AI Case Study
University of Essex researchers compare machine learning models for improving weather condition classification of images
University of Essex and Birmingham researchers investigate different methods of classifying images to improve on-demand weather forecasting. Improving the accuracy of image classifiers theoretically allows the transportation industry, among others, to adjust to real-time conditions by automating live conditions updates. The researchers find that a ResNet model provides the best accuracy across the different investigated weather types.

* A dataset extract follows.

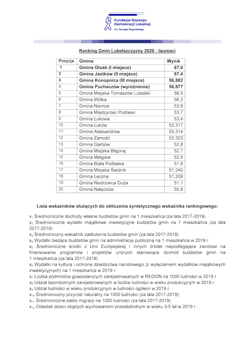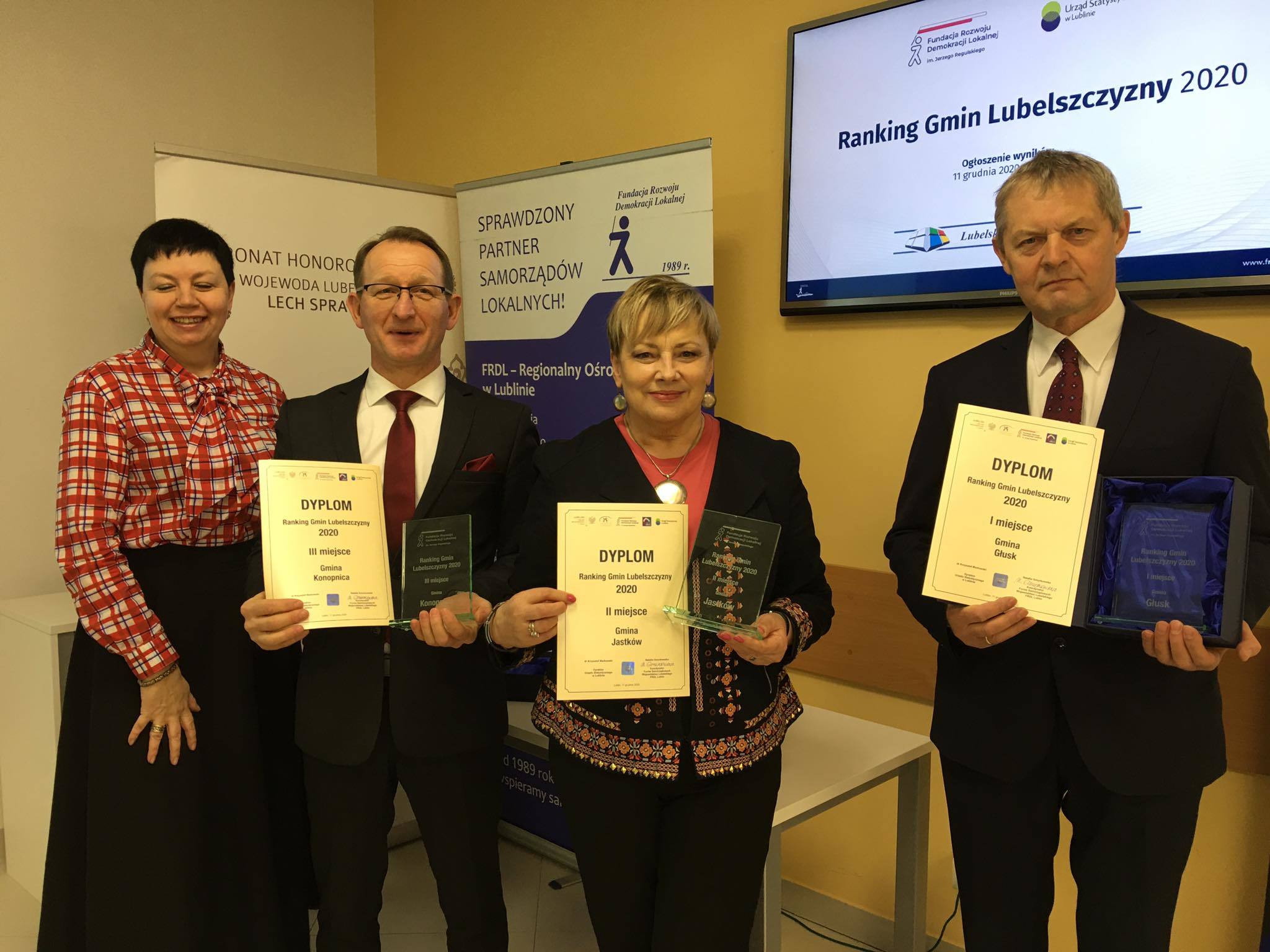 W dniu dzisiejszym - 11 grudnia 2020 r na uroczystej gali, zorganizowanej przez Fundację Rozwoju Demokracji Lokalnej Regionalny Ośrodek w Lublinie we współpracy z Urzędem Statystycznym, nastąpiło wręczenie wyróżnień dla 20 najlepszych gmin według Rankingu Gmin Lubelszczyzny. Pani Wójt Teresa Kot odebrała zaszczytne wyróżnienie dla Gminy Jastków, która uplasowała się w 2020 roku na 2 pozycji. W roku 2019 nasza gmina zajęła w tym samym rankingu miejsce 3, w 2018  miejsce 7 a w 2017 miejsce 10.Ocenie poddawane są wszystkie gminy województwa lubelskiego z wyłączeniem miast na prawach powiatu.

"The specific field of computer vision known as weather classification is still evolving and worthy proposals are still being
made to improve the baseline. An opportunity to advance the
field even further lies in the adoption of new techniques and
tools that have been used to improve other fields. To achieve
this, it is necessary to recognise that weather is a phenomenon
that is a complex phenomena where semantic labelling of images
can be a challenging task. A single image can encompass
multiple weathers for instance partly cloudy. To exploit all
the information that can be extracted from a single outdoor
image, considering uncertainty as an opportunity rather than
a problem is an important step." To this end, researchers from the University of Essex and the University of Birmingham tested different methods for classifying images of weather conditions: "The categories of interest for this contribution are sunny,
cloudy, foggy, rainy and snowy images."
R And D
Core Research And Development
"Weather conditions often disrupt the proper functioning
of transportation systems. Present systems either deploy
an array of sensors or use an in-vehicle camera to predict weather
conditions. These solutions have resulted in incremental cost and
limited scope. To ensure smooth operation of all transportation
services in all-weather conditions, a reliable detection system is
necessary to classify weather in wild. The challenges involved in
solving this problem is that weather conditions are diverse in
nature and there is an absence of discriminate features among
various weather conditions."
"The overall best classification was the ResNet 50 architecture for all of the settings of the superpixel masks. The three variations of the residual networks (ResNet) used in the experimentation were among the four top performing models in the four different settings. These results are a good indication that the optimisation achieved by the inclusion of residual methods learning with shortcut connections has a positive effect in the overall task of weather classification, and it can benefit slightly from the use of superpixel masks as data augmentation. Residual Networks are thus not only successful in arbitrary image recognition, but can also work well as a solution to weather classification problem."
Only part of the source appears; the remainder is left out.